Home > Ideas and Philosophy > Self-Inflicted Disappointment

Self-Inflicted Disappointment

It’s easy to be disappointed if you make the effort to find a reason all the time.

A simple example would be finding fault with someone.  You can hope that someone will volunteer to do something you want done; if he doesn’t then it’s disappointing.  You can give the option for someone to do something you want done; if he chooses not to take the option since you did give him the option in the first place then it’s disappointing.  You can outright ask and even require someone to do something you want done; even if he does it, it can still be disappointing because you had to ask him to do it rather than him volunteering or choosing to do it.  It’s unfair for the other party because whatever he does in any of the scenarios he causes you disappointment.  It thus becomes unrealistic for him to please you no matter what.  And, frankly, he can even unwittingly add insult to injury by not even caring that you’re frustrated.

It’s emotionally difficult to go through life when you see malice in everything and everyone and are thus very critical and cynical.
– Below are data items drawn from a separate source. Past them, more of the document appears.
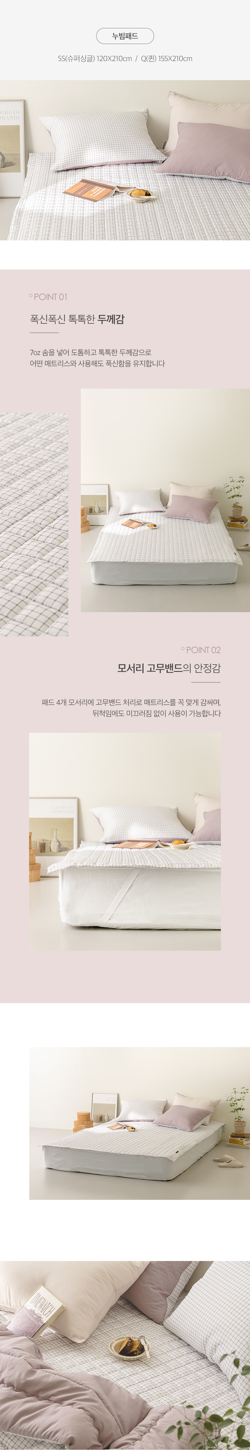 • 패드 4면에 밴드처리가 되어 있어 잠자리 뒤척임에도 걱정없이 사용 가능
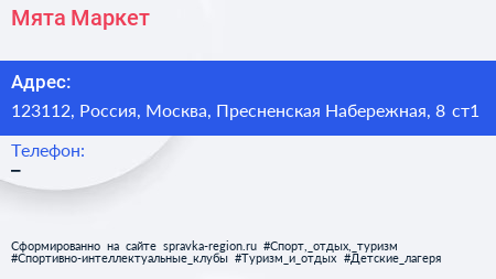 Мята Маркет по адресу 123112, Россия, Москва, Пресненская Набережная, 8 ст1 в дальнейшем Организация, размещена в следующих категориях: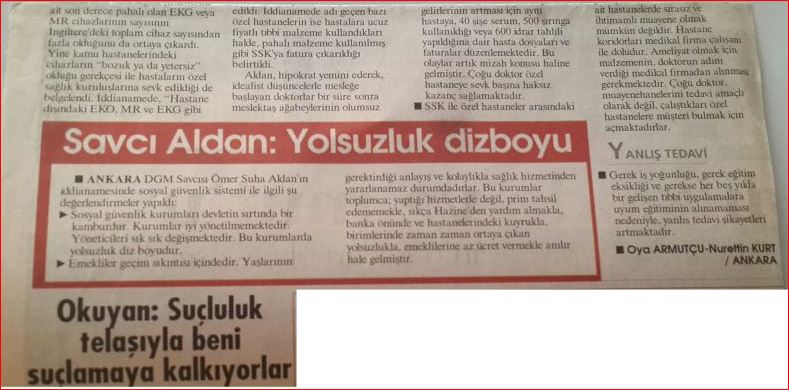 Hürriyet devam ediyor: SSK'da kobay olarak kullanılan 6 hasta öldü. 37 Sanığın hesaplarına tedbir. Neşter savcısı Ömer Süha Aldan, iddianamede kamu hastanelerinin “cihazlar bozuk” diye hastaları özel sağlık kuruluşlarına gönderdiğini açıkladı. Aldan, bu yüzden sadece İstanbul'da özel sektördeki EGK ve MR cihazlarının, İngiltere'den fazla olduğunu söyledi.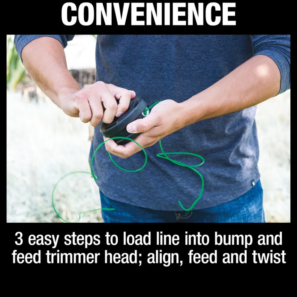 Rapid load bump and feed trimmer head line loads in seconds with 3 Easy steps: align, feed and twist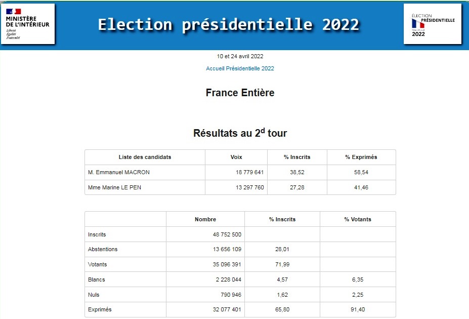 У Франції підраховано 100% голосів виборців. За офіційною інформацією Міністерства внутрішніх справ, з перевагою понад 17% переміг Еммануель Макрон.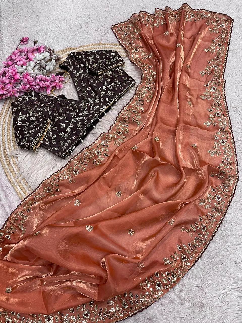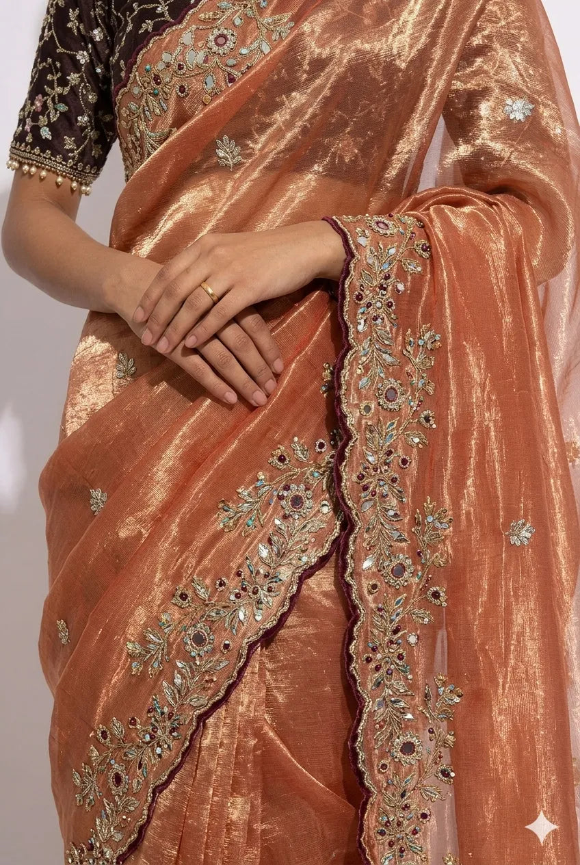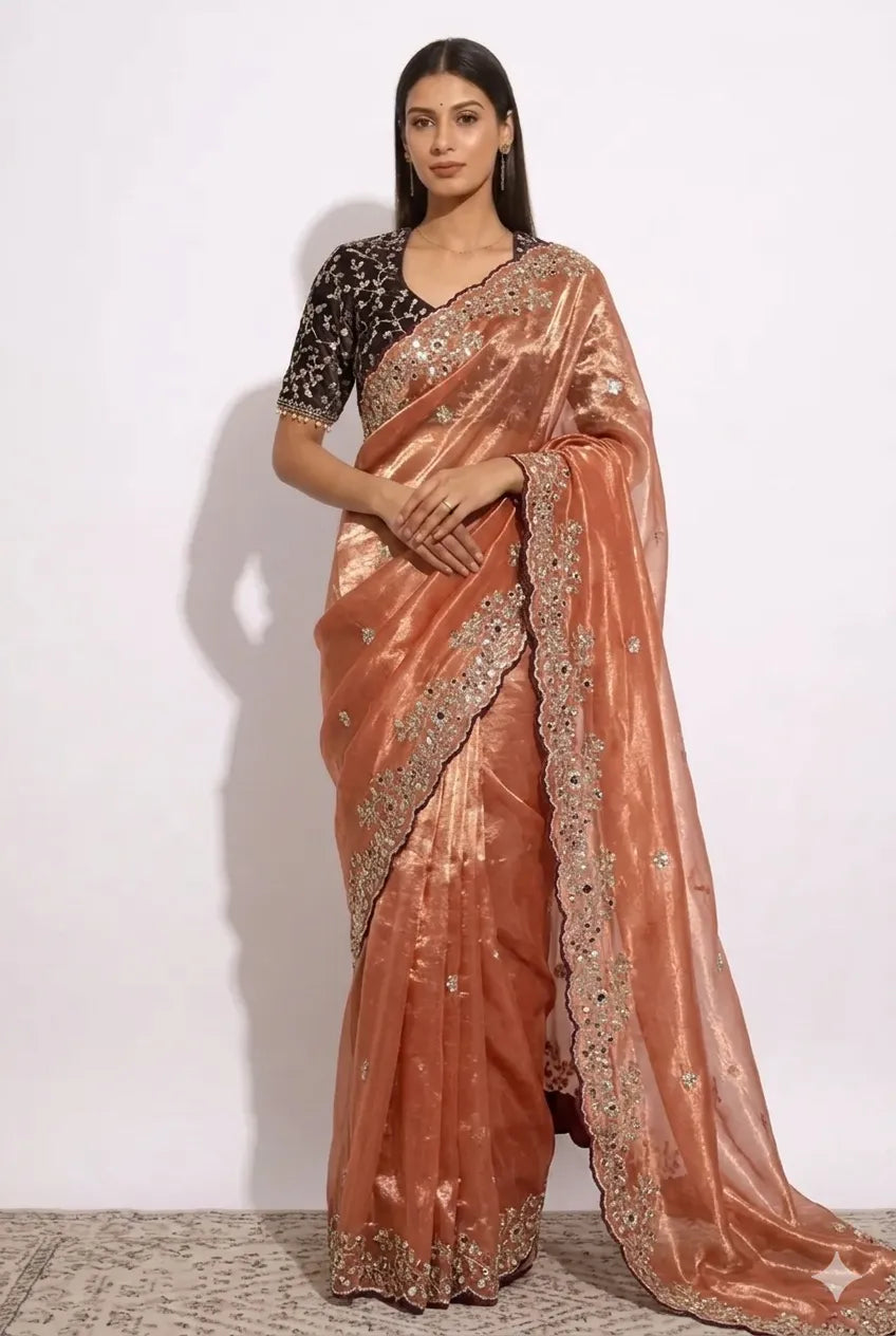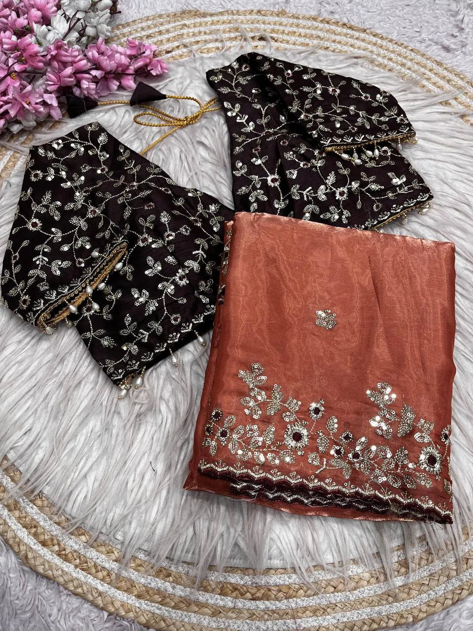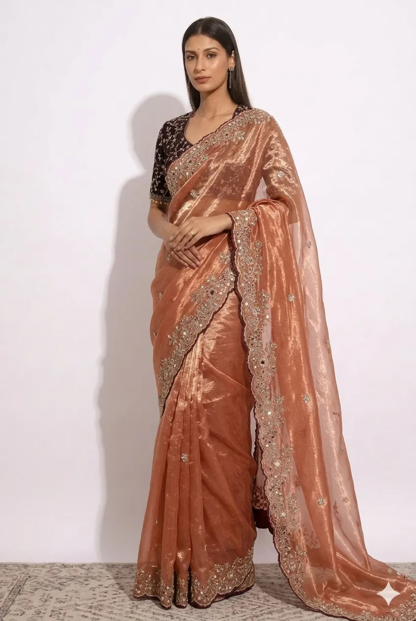 Sienna Luxe | Ready to Wear Rust Saree with Stitched Blouse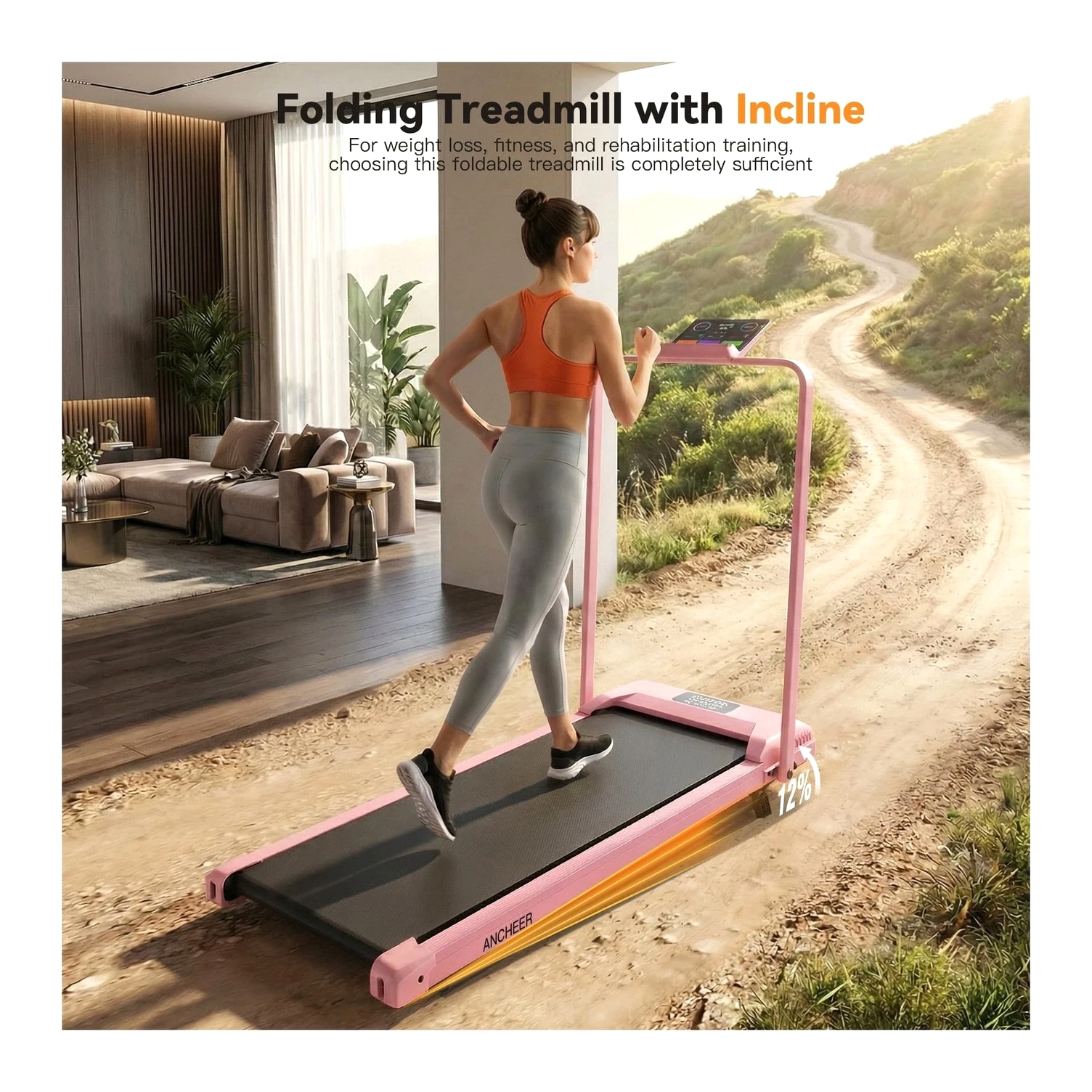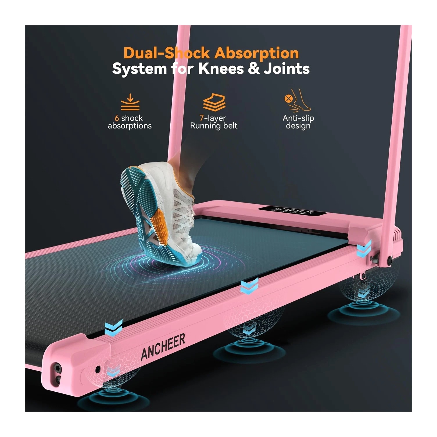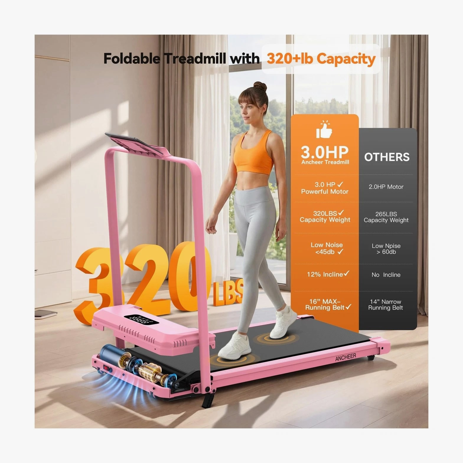 ANCHEER Walking Pad Treadmill with 12% Incline - Under Desk Treadmills with Handle Bar, 300-450lb Capacity 3.5HP Foldable Walking Pads for Home Small Spaces, Office, Gym Description 3.25HP Folding Treadmills with Incline, Fitness APP, Bluetooth Speaker and LCD Display, 300 LBS Capacity Electric Portable Running Walking Jogging Machine for Home Gym Office Use Features: More Safer Treadmills – The wobbly walking pad cannot serve as your safety coach during fitness; our treadmill with handle bars provides 360-degree balance support. The anti-sway design allows rehabilitation people/running enthusiasts/burning fat to completely eliminate the anxiety of falling. In addition, it can share 30% of your body weight during running, which protects your knees and joints 12% Incline Treadmill & 16" Extra-Wide Belt – Portable treadmill features a 2-level manually adjustable incline function. The 12% incline design simulates the uphill scene more realistically than other ordinary treadmills, torching 1.8X more calories than flat pad per hour; at the same time, our treadmill with incline uses a 16" widened running belt to let you have more running space to enjoy your fitness time in comfort Superior Home Fitness Machine: Built for Quiet & Strength – This foldable walking treadmill redefines home fitness: a 1000W brushless motor (quieter than rivals) powers speeds from 0.6–4.0MPH, accommodating walkers, joggers, and cardio enthusiasts. Its industrial-grade 350LBS capacity and oversized LED screen outperform basic models; this compact treadmill is the all-in-one solution for efficient, high-performance workouts at home Pro-Level Joint Safeguard System – Engineered with 6 high-performance damping absorbers and a 7-layer advanced shock-absorbing belt, this folding treadmill reduces impact on knees and ankles by 60%. Rigorous testing proves its durability, user-centric design ensures every step feels secure—because safety should never be an afterthought Foldable Treadmills for Home Small

When you find ways to make yourself intentionally unhappy, then ultimately your feeling of disappointment is self-inflicted.  You can choose to be happy while still recognizing that there are many good reasons to be disappointed in this world; it’s a matter of how you want to frame your perspective in life.  Be careful when you look for a reason to be disappointed because you will find it, and you will thus be the reason for your own misery.